I've looked on a lot of different sites to see what the problem may be, but none of their solutions seemed to work. My computer said there's no response from the DNS server(c-25) and I believe I had fixed the DNS problem yesterday, but the internet still wasn't working after the error went away. Now this morning it says it may be the DNS server again. The internet does work for the other laptop in the house but not mine.

I've tried turning off the firewall, and using the ethernet cable, and a verizon wireless card but neither fixed the problem. They each said they were connected to the internet, but I still couldn't use anything that needed the internet. I've ping the ip address and I believe it's working fine, I'm not very computer literate, so I'm guessing if it replies then it's fine. I aso ping the DNS server this morning and it timed out a few times before replying but it had 100% loss, unlike the ip address which had 0%. I don't know what that means, so could someone please help me out or point me in the right direction? 

My router is Belkin and the model # is F5D6231-4.
The cable modem is Webstar DPX100 series and I beleive the model # is 749874
The data encryption is disabled

C:\Documents and Settings\Blue>IPCONFIG /ALL

Windows IP Configuration

Host Name . . . . . . . . . . . . : .......
Primary Dns Suffix . . . . . . . :
Node Type . . . . . . . . . . . . : Mixed
IP Routing Enabled. . . . . . . . : No
WINS Proxy Enabled. . . . . . . . : No

Ethernet adapter Wireless Network Connection:

Connection-specific DNS Suffix . :
Description . . . . . . . . . . . : Intel(R) PRO/Wireless 3945ABG Networ
k Connection
Physical Address. . . . . . . . . : 00-13-02-77-39-43
Dhcp Enabled. . . . . . . . . . . : Yes
Autoconfiguration Enabled . . . . : Yes
IP Address. . . . . . . . . . . . : 75.142.192.182
Subnet Mask . . . . . . . . . . . : 255.255.252.0
Default Gateway . . . . . . . . . : 75.142.192.1
DHCP Server . . . . . . . . . . . : 68.190.192.194
DNS Servers . . . . . . . . . . . : 68.190.192.35
66.214.48.27
Lease Obtained. . . . . . . . . . : Friday, August 29, 2008 7:18:49 PM
Lease Expires . . . . . . . . . . : Saturday, August 30, 2008 10:45:12 A
M


----------



## clyde123 (Apr 10, 2008)

Well I tried pinging both DNS servers and they both times out. Contact your ISP and ask them if the DNS servers are down.


----------



## johnwill (Sep 26, 2002)

Well, for startersw, you have your modem connected to one of the LAN/Network ports on the router, not the correct WAN/Internet port.

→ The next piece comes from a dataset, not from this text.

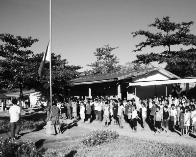 11月26日,位于菲律賓阿布拉省邦貴的一所小學(xué)降半旗,悼念在綁架和屠殺事件中的遇害者。

Reset the router to factory defaults by holding the reset button down for 15 seconds with power on. The following procedure should get you a connection with any broadband modem that is configured to use DHCP for the router connection, such as cable modems, and many DSL modems. If you require PPPoE configuration for the DSL modem, that will have to be configured to match the ISP requirements.


Turn off everything, the modem, router, computer.
Connect the modem to the router's WAN/Internet port.
Connect the computer to one of the router's LAN/Network ports.
Turn on the modem, wait for a steady connect light.
Turn on the router, wait for two minutes.
Boot the computer.

When the computer is completely booted, let's see this.

Hold the *Windows* key and press *R*, then type *CMD* to open a command prompt:

In the command prompt window that opens, type type the following command:

*IPCONFIG /ALL*

Right click in the command window and choose *Select All*, then hit *Enter*.
Paste the results in a message here.

If you are on a machine with no network connection, use a floppy, USB disk, or a CD-RW disk to transfer a text file with the information to allow pasting it here.


----------